On June 13, the men stayed in camp to recover from their labors and to dry their clothes and gear. It was a Sunday, Bradley noted, the first one they had honored by resting. That was presumably coincidence, Bradley complained, “for [I] don't think anyone in the party except myself keeps any record of time or events.” He was wrong about that—Sumner and Powell may have been writing in their own diaries at the same moment that Bradley set down his complaint—but he was right that for Powell, Sunday was just another day.

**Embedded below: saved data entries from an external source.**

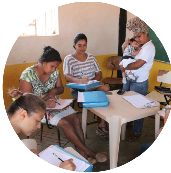
Associação dos Arquitetos Sem Fronteiras Belo Horizonte, MG

Income generation for women in Ceará's semi-arid // Geração de renda para mulheres no sertão cearense
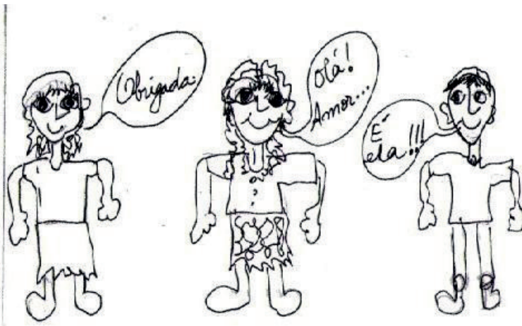
Figura 5. Ilustrações dos alunos sobre a “História da Carolina”

Como atividade transversal a todos os períodos letivos, destacamos a “História da Carolina” 9 , desenvolvida também no ano letivo anterior (Figura 5). Esta atividade visou desenvolver as competências de leitura e de escrita dos alunos, abordando temáticas do seu interesse, que merecem destaque na atualidade e no contexto em que vivem. Tratou-se de uma história aberta, pois vários temas poderiam ser desenvolvidos, permitindo ao professor conhecer a opinião dos alunos sobre o que está sendo discutido de forma lúdica e prazerosa. Os alunos “deram vida” à personagem Carolina e compartilharam com os colegas de turma e professores os seus desejos, medos e necessidades, relacionados, principalmente, com o período da adolescência pelo qual estavam atravessando.
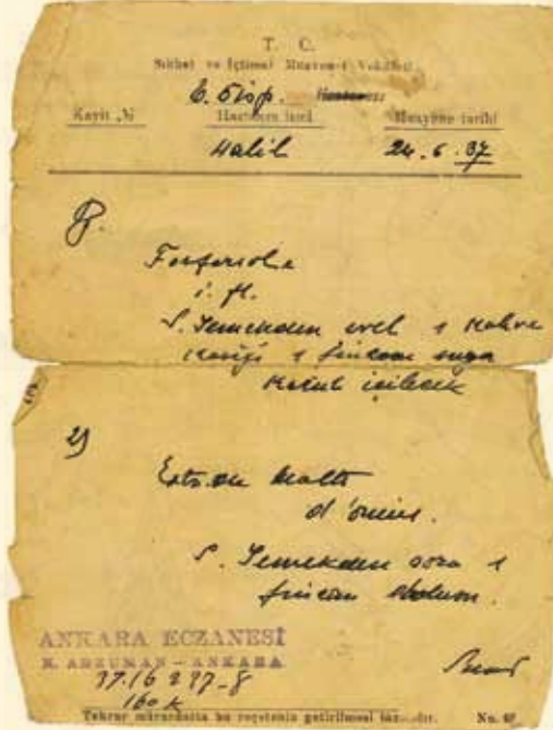
1937 yılında Ankara'daki bir eczanede işleme konmuş bir Türkçe reçete örneği: Fosfarsol [Kuvvet ilacı]. Yemeklerden evvel 1 kahve kaşığı 1 fincan suya katılıp içilecek. (Kaynak: Gülnur-Mert Sandalci, Belgelerle Türk Eczacılığı II , 1998)
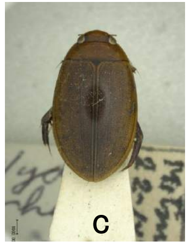
ウスイロシマゲンゴロウ (1958年) Hydaticus rhantoides
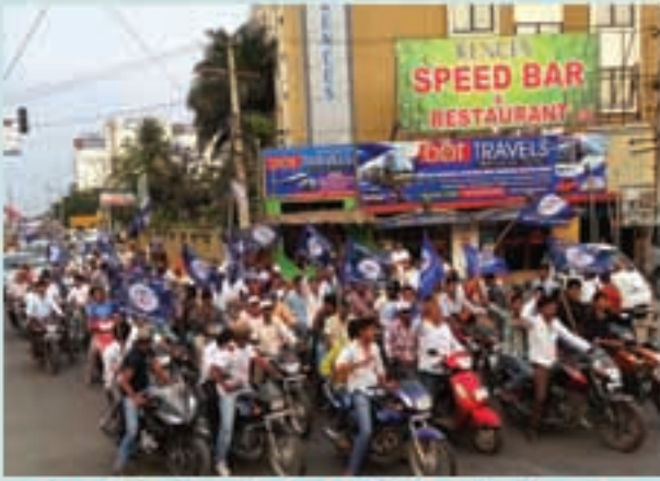
తిరుపతిలో ర్యాలీ విరూపాస్తున్న లోక్ సత్తా యువ కార్యకర్తలు
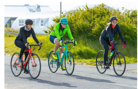
Þessi mynd er tekin síðasta sumar en miðað við sölu á reiðhjólum undanfarið má gera ráð fyrir að hjólafolkfi fjölgi núna í vor og sumar.
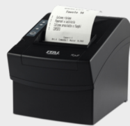
Stampante non fiscale

Powell had been raised in a devoutly religious household. Throughout his childhood, the family gathered twice a day to pray and read the Bible aloud. As a precocious young boy, Powell learned all four Gospels by heart. His father was a Methodist preacher who believed that the Bible was the unchallengeable word of God. The preacher and his equally pious wife named their son for John Wesley, the founder of Methodism, whose sermons put a heavy weight on the value of self-denial, sobriety, and hard work. Powell retained the discipline but abandoned the dogma, not by any overt act of rejection but simply by sloughing off the beliefs of his parents and moving on, as a snake unceremoniously abandons his outgrown skin. All religious doctrines, Powell came to believe, were “mythology.”